3.4. Origin of Pd effect

3.4.1. Chemical shift by interaction between Co and Pd. H₂ activation is considered to be a key step in the hydrogenation reaction¹⁸ and it often requires additional energy to overcome a dissociation barrier of molecular hydrogen.²⁰ Thus, prior studies have focused on various methods for facile dissociation of molecular H₂.^18,24 The addition of Pd into the cobalt catalysts had a remarkable effect on increasing the catalytic activity toward PEA in this study (Fig. 2). It was in good agreement with the results for improving the degree of reduction to cobalt metal from both cobalt oxide and cobalt nitride by Pd addition in the presence of hydrogen introduced, as shown in Fig. 3 and 4, respectively. In other words, it can be conjectured that the addition of Pd brought a considerable change in the hydrogen adsorption and desorption process on the surface of the Pd inserted cobalt catalysts.
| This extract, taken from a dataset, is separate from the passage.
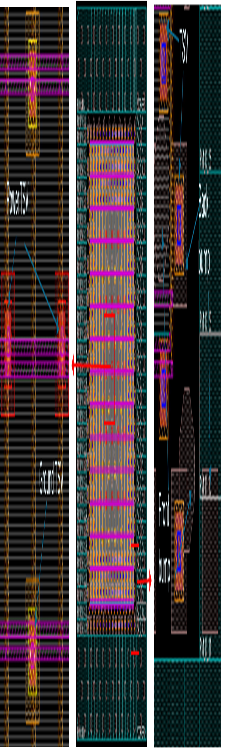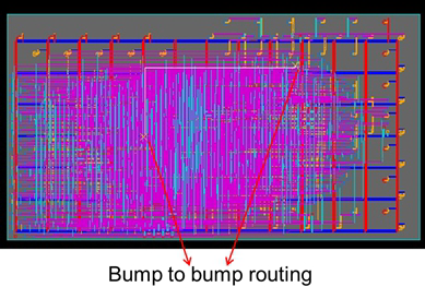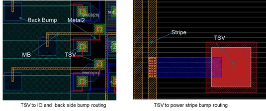正面凸点到 TSV - bump 通孔网络的布线 在某些情况下,TSV 通孔和背面bump 会被封装在一起,形成一个新的bump 单元,称为TSV bump 。TSV bump 通常在正面、TSV 层和背面都有多个几何形状。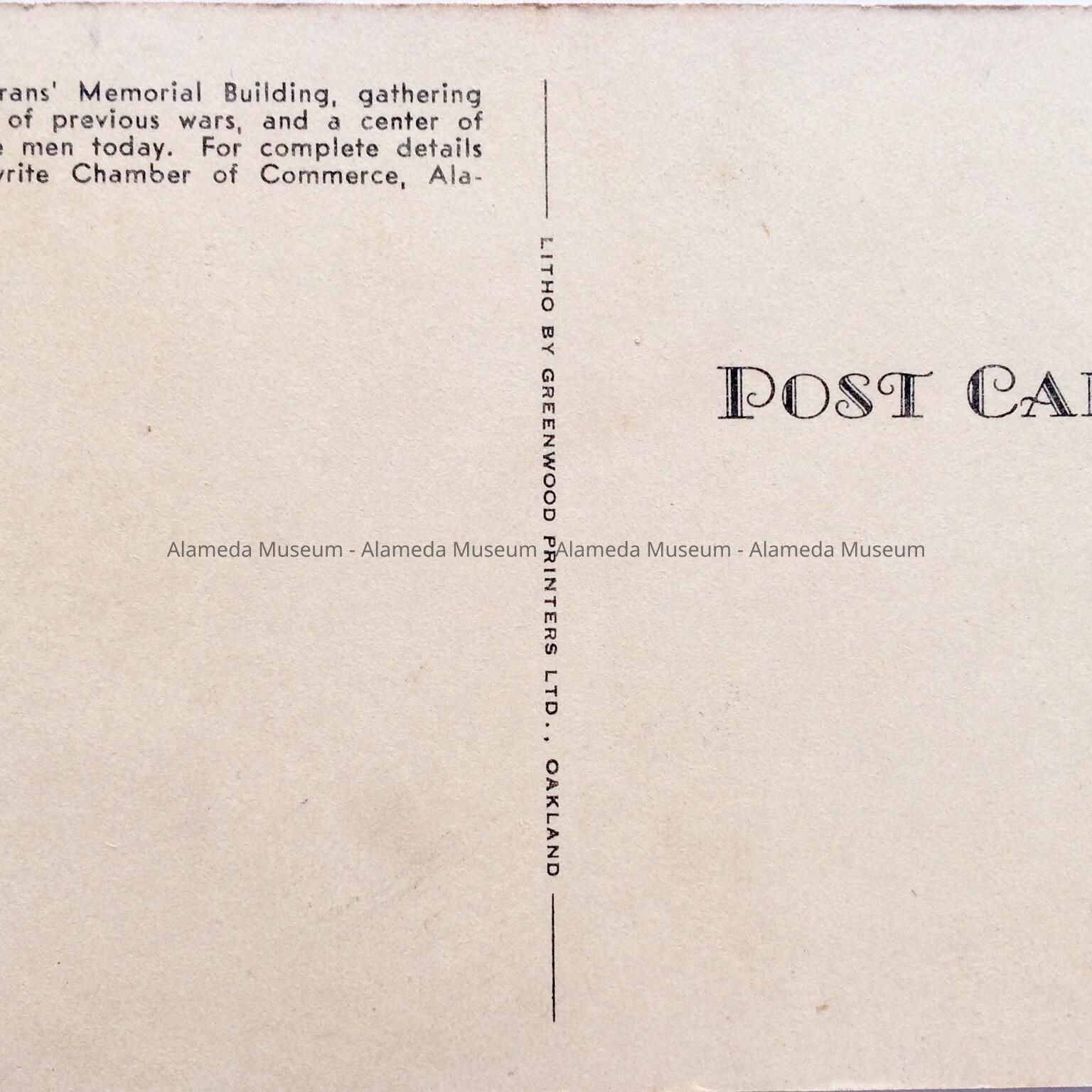 A BLACK-AND-WHITE PHOTOGRAPHIC POST CARD, UNCIRCULATED, PRINTED BY GREENWOOD PRINTERS, OAKLAND.

XPS was employed to check if there was a change in the electron density of Co contributed by Pd addition in the fresh bimetallic Co–Pd catalysts calcined at 600 °C. Fig. 5A shows that with an increasing Pd amount, the binding energy of the core electrons in Co was shifted to low binding energy in the XPS Co 2p results. For example, the binding energy of the core level electrons in Co 2p for the Co–Pd(0) catalyst was 779.49 eV, but the binding energy for Co–Pd(0.01), Co–Pd(0.02), Co–Pd(0.04), and Co–Pd(0.06) catalysts was 779.43 eV, 779.40 eV, 779.37 eV, and 779.29 eV, respectively. It is known that this chemical shift in the core level can be caused by the change in the electron density of the valence band electrons.^48,49 It reflects that the electron density of the valence electrons for Co becomes higher by increasing the Pd amount.

Fig. 5 Co 2p XPS for fresh Co–Pd catalysts (A), Pd 3d XPS for fresh Co–Pd catalysts (B), calculated density of states for Co and Co–Pd (C). Solid line: total density of states for each catalyst. Dashed line: partial density of states for d orbitals of Co. Fermi level is set to 0 eV.

The XPS results showed that there was a chemical shift to low binding energy of the core level electrons in Co 2p by increasing the Pd amount, which was attributed to the increase in the electron density contributed by the valence electrons in Co such as 3d⁷4s². In addition, it was noted for the Co–Pd(0.04) and Co–Pd(0.06) catalysts that the chemical shift by 0.45 eV to the high binding energy direction appeared in the XPS Pd 3d results, as shown in Fig. 5B, while the binding energy in Co 2p moved to the negative direction. The chemical shift in Co 2p and Pd 3d occurred in the opposite direction to each other. The peak of Pd 3d in XPS was not seen in the other catalysts such as Co–Pd(0.01) and Co–Pd(0.02) because the amount of palladium was extremely low (around 0.01 and 0.02 wt%, respectively). The metal–metal bond between Cu and Pd can lead to a flow of electron density from Pd to Cu⁵⁰ and the photoelectron binding-energy for Cu and Pd was shifted to negative and positive, respectively.^51,52 It was confirmed that the chemical shift in both Co and Pd was caused by the interaction between Co and Pd, causing the electrons to move from Pd to Co from the XPS data, as shown in Fig. 5.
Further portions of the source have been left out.